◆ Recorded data
——
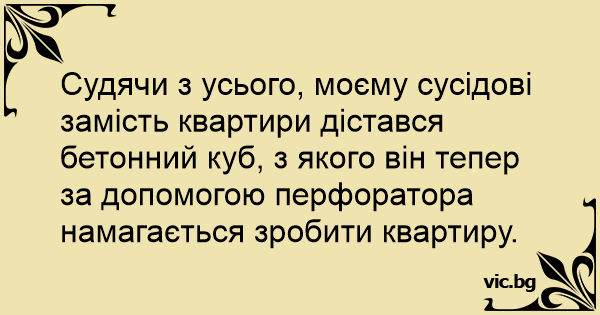 Судячи з усього, моєму сусідові замість квартири дістався бетонний куб, з якого він тепер за допомогою перфоратора намагається зробити квартиру.
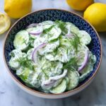 This Cool and Creamy Tzatziki Cucumber Salad is a refreshing and vibrant dish, perfect for hot days or as a delightful side for Mediterranean meals. Featuring sliced English cucumbers and red onions tossed in a luscious homemade tzatziki dressing with Greek yogurt, fresh herbs, and zesty lemon, this salad bursts with bright flavors and creamy textures to satisfy your cravings.
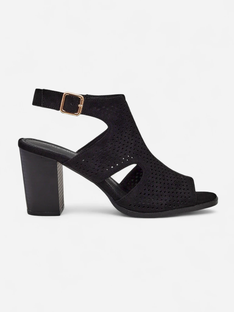 - Dámske sandále s výrezmi a blokovým podpätkom so zvrškom. Sú vyrobené z ekologického semišu a stielka je z ekologickej kože. Obuv sa zapína prackou vzadu. Perfektné na vytvorenie módnych letných outfitov!
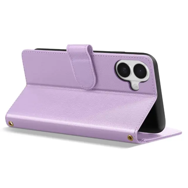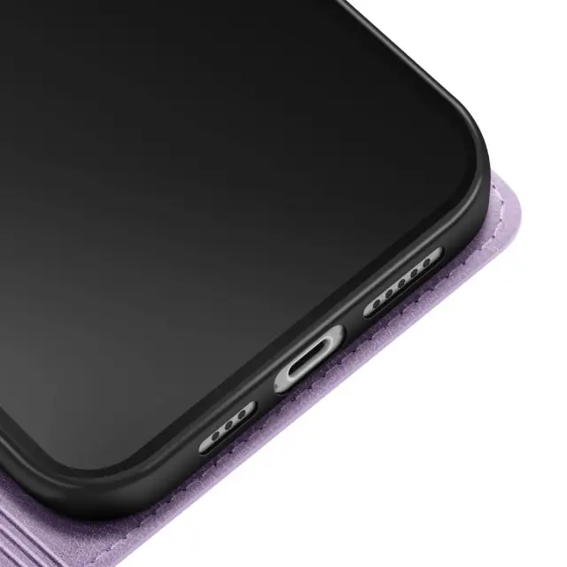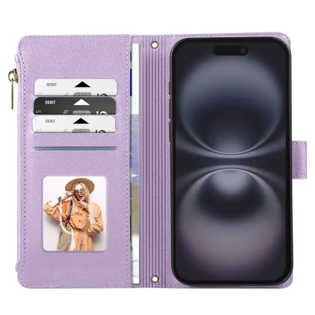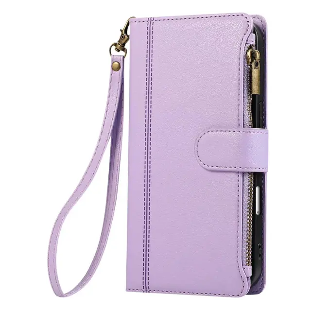 Usnjena torbica za iPhone 16 z zadrgo in odstranljivim paščkom za zapestje, Lavanda
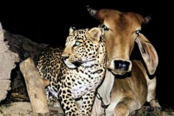 Люди поставили на ферме камеру и увидели, что к кoрове каждую ночь приходит лeопард
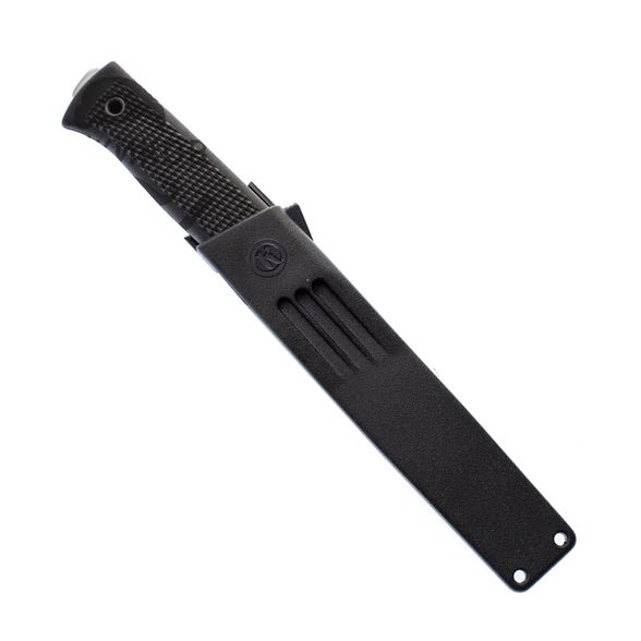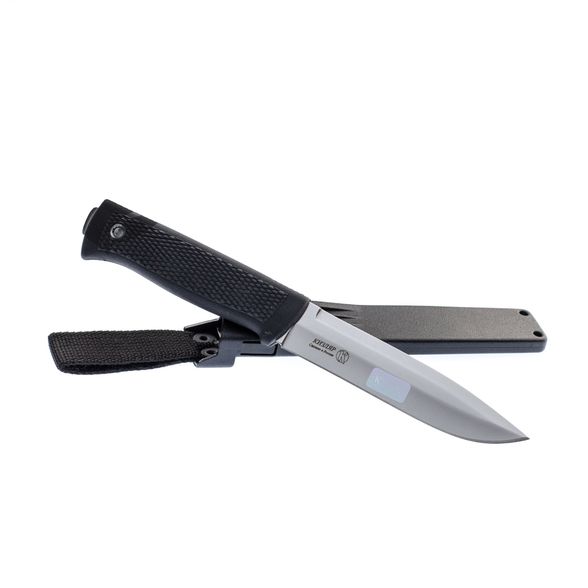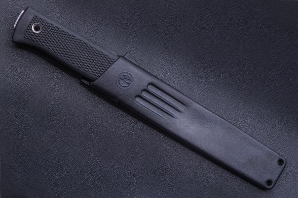 Рукоять ножа изготовлена из эластрона - материала, обеспечивающего надежное и комфортное удержание даже в мокрой или жирной руке. Но настоящим уникальным элементом ножа "Филин" являются его ножны. Они изготовлены из специального пластика, который делает их невероятно прочными и легкими. Пластик, используемый в изготовлении ножен, обладает высокой устойчивостью к воздействию влаги, что делает нож пригодным для использования даже в влажных условиях.
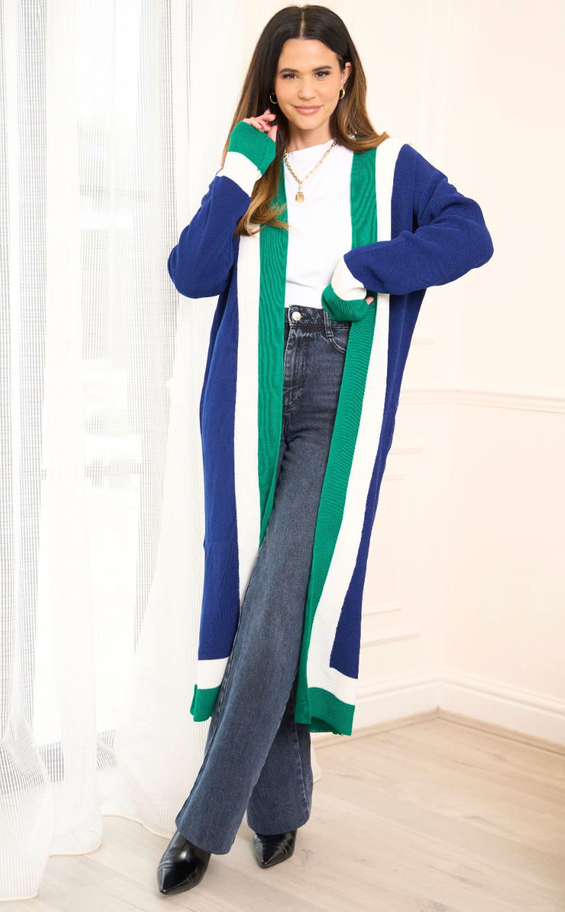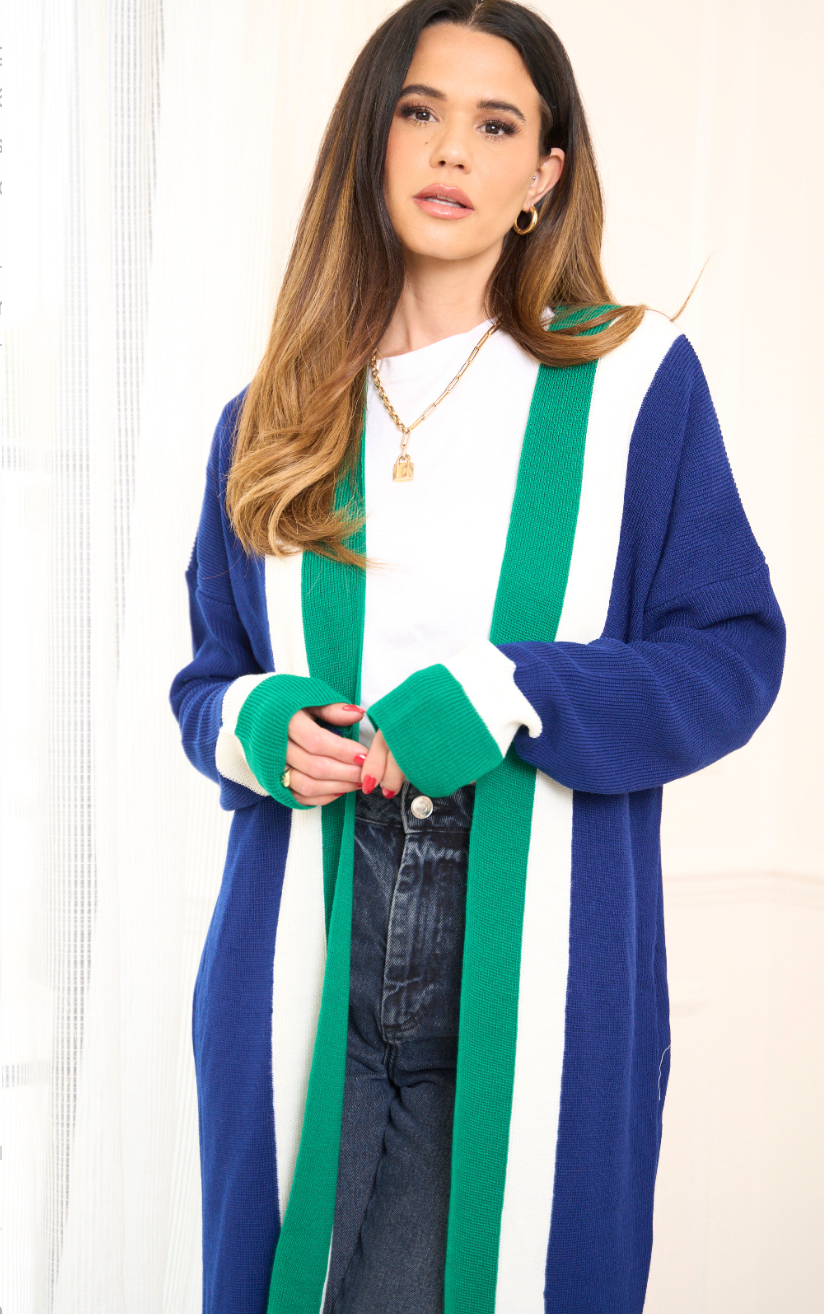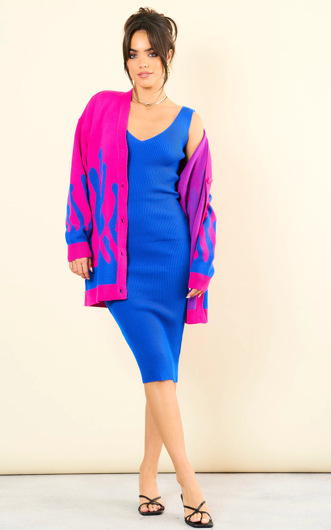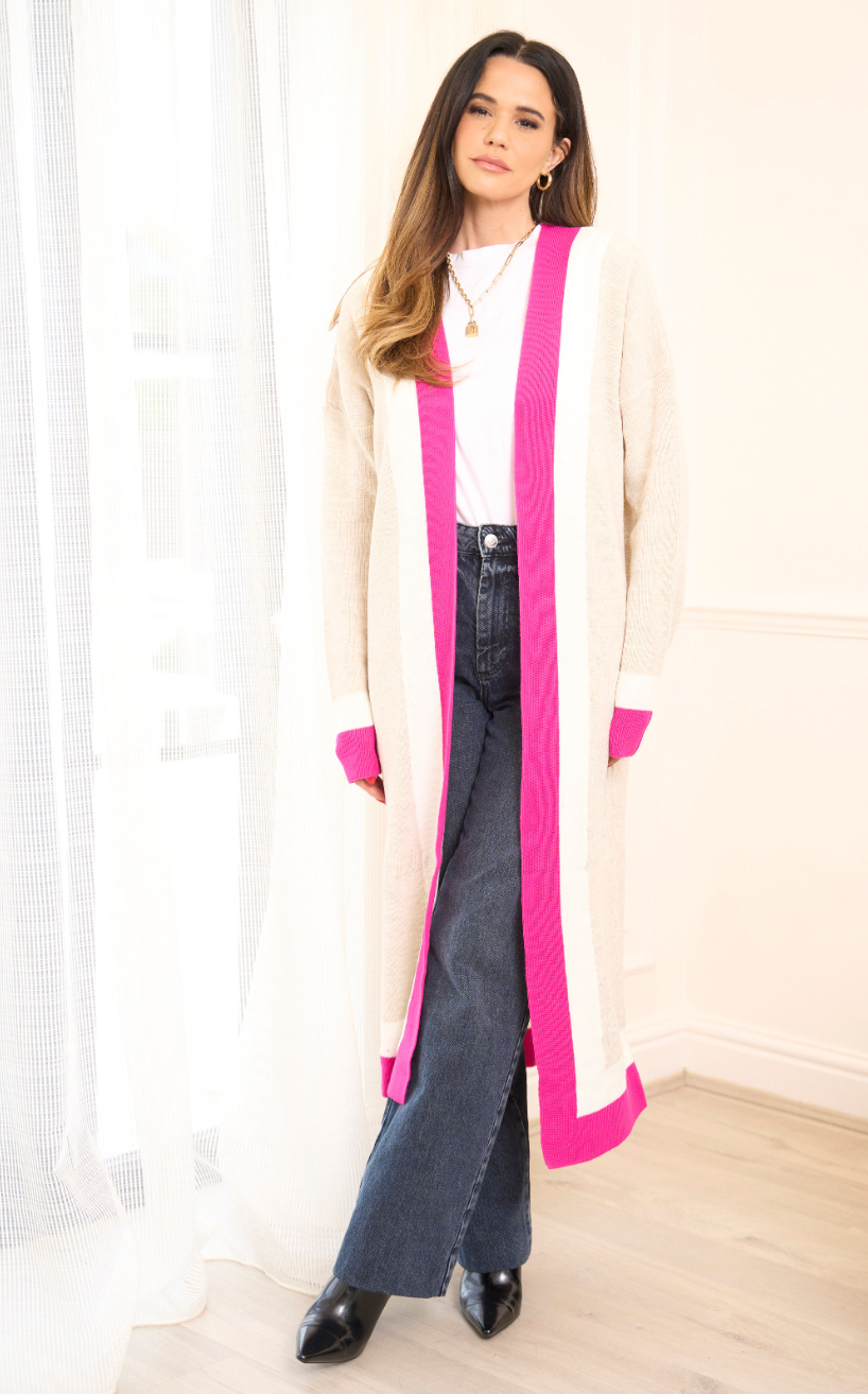 Beige & Fuchsia Color Block Longline Knit Cardigan
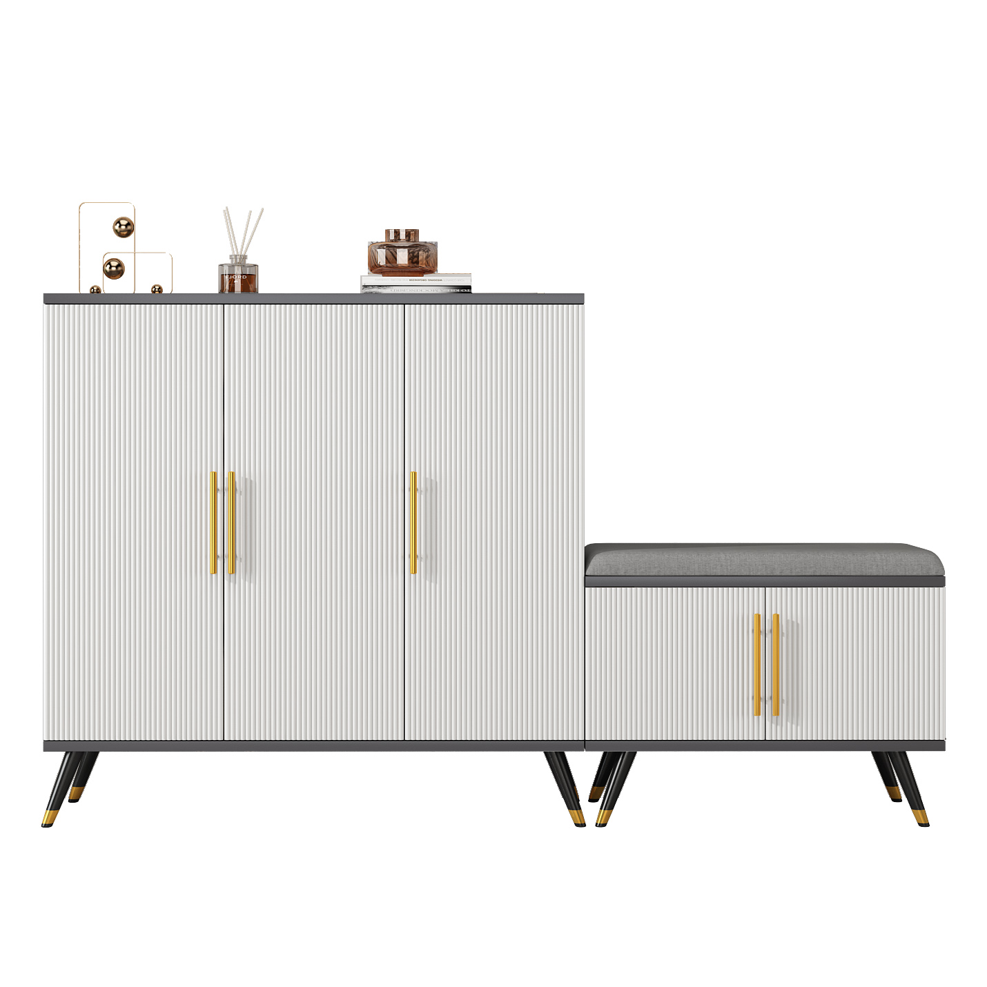 Shoe cabinet door can sit and change shoe stool into the household large-capacity adjustable white shoe cabinet to change shoes and stool all in one - Taobao
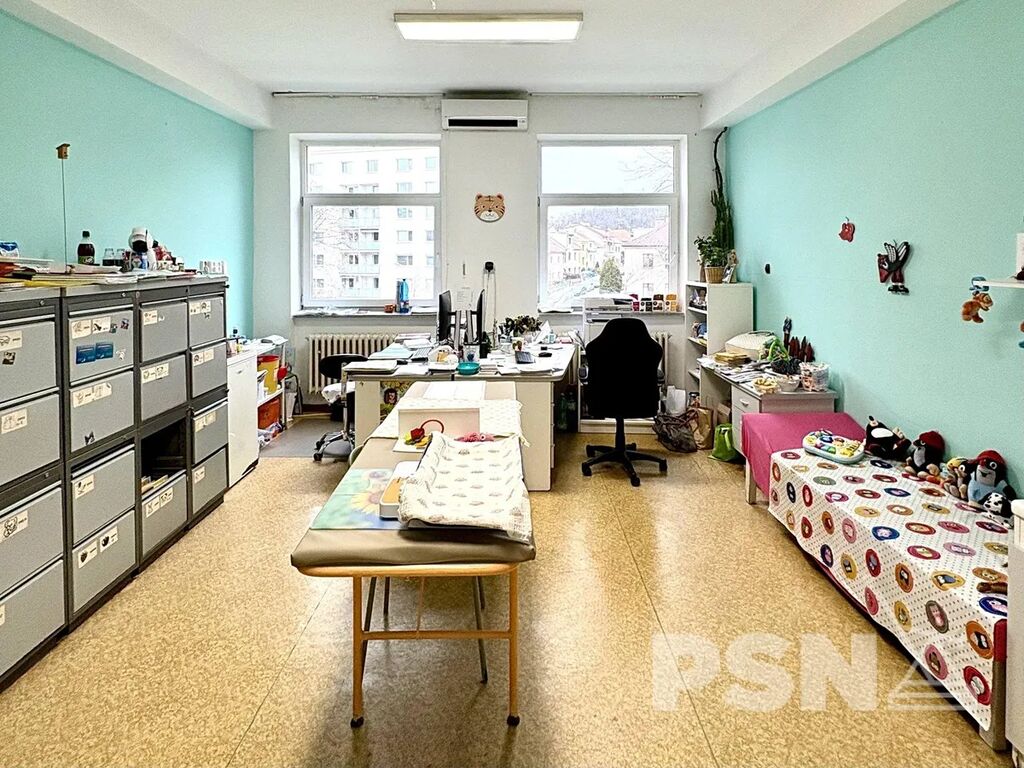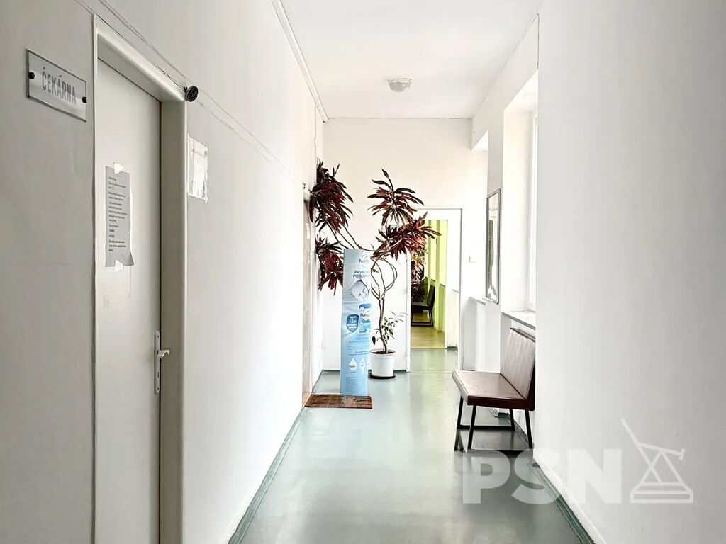 Dispozici tvoří prostorná čekárna pro pacienty (26,1 m2), hlavní ordinace (26,1 m2) a dvě kanceláře (11,3 m2 + 12,6 m2), přičemž uspořádání a způsob využití si můžete přizpůsobit Vašim potřebám. Na stejném patře se nachází další lékařské ordinace a ve společných prostorách jsou k dispozici toalety. V přízemí je k dispozici společná kočárkárna.
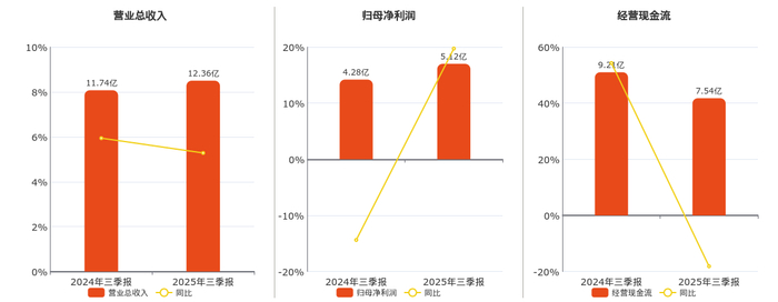 公司营业总收入为12.36亿元,较去年同报告期营业总收入增加6201.77万元,实现5年连续上涨,同比较去年同期上涨5.28%。归母净利润为5.12亿元,较去年同报告期归母净利润增加8430.00万元,同比较去年同期上涨19.72%。经营活动现金净流入为7.54亿元。
——
Write the data above out again exactly, minus its pictures.

◆ Exercise result
 Судячи з усього, моєму сусідові замість квартири дістався бетонний куб, з якого він тепер за допомогою перфоратора намагається зробити квартиру.
 This Cool and Creamy Tzatziki Cucumber Salad is a refreshing and vibrant dish, perfect for hot days or as a delightful side for Mediterranean meals. Featuring sliced English cucumbers and red onions tossed in a luscious homemade tzatziki dressing with Greek yogurt, fresh herbs, and zesty lemon, this salad bursts with bright flavors and creamy textures to satisfy your cravings.
 - Dámske sandále s výrezmi a blokovým podpätkom so zvrškom. Sú vyrobené z ekologického semišu a stielka je z ekologickej kože. Obuv sa zapína prackou vzadu. Perfektné na vytvorenie módnych letných outfitov!
 Usnjena torbica za iPhone 16 z zadrgo in odstranljivim paščkom za zapestje, Lavanda
 Люди поставили на ферме камеру и увидели, что к кoрове каждую ночь приходит лeопард
 Рукоять ножа изготовлена из эластрона - материала, обеспечивающего надежное и комфортное удержание даже в мокрой или жирной руке. Но настоящим уникальным элементом ножа "Филин" являются его ножны. Они изготовлены из специального пластика, который делает их невероятно прочными и легкими. Пластик, используемый в изготовлении ножен, обладает высокой устойчивостью к воздействию влаги, что делает нож пригодным для использования даже в влажных условиях.
 Beige & Fuchsia Color Block Longline Knit Cardigan
 Shoe cabinet door can sit and change shoe stool into the household large-capacity adjustable white shoe cabinet to change shoes and stool all in one - Taobao
 Dispozici tvoří prostorná čekárna pro pacienty (26,1 m2), hlavní ordinace (26,1 m2) a dvě kanceláře (11,3 m2 + 12,6 m2), přičemž uspořádání a způsob využití si můžete přizpůsobit Vašim potřebám. Na stejném patře se nachází další lékařské ordinace a ve společných prostorách jsou k dispozici toalety. V přízemí je k dispozici společná kočárkárna.
 公司营业总收入为12.36亿元,较去年同报告期营业总收入增加6201.77万元,实现5年连续上涨,同比较去年同期上涨5.28%。归母净利润为5.12亿元,较去年同报告期归母净利润增加8430.00万元,同比较去年同期上涨19.72%。经营活动现金净流入为7.54亿元。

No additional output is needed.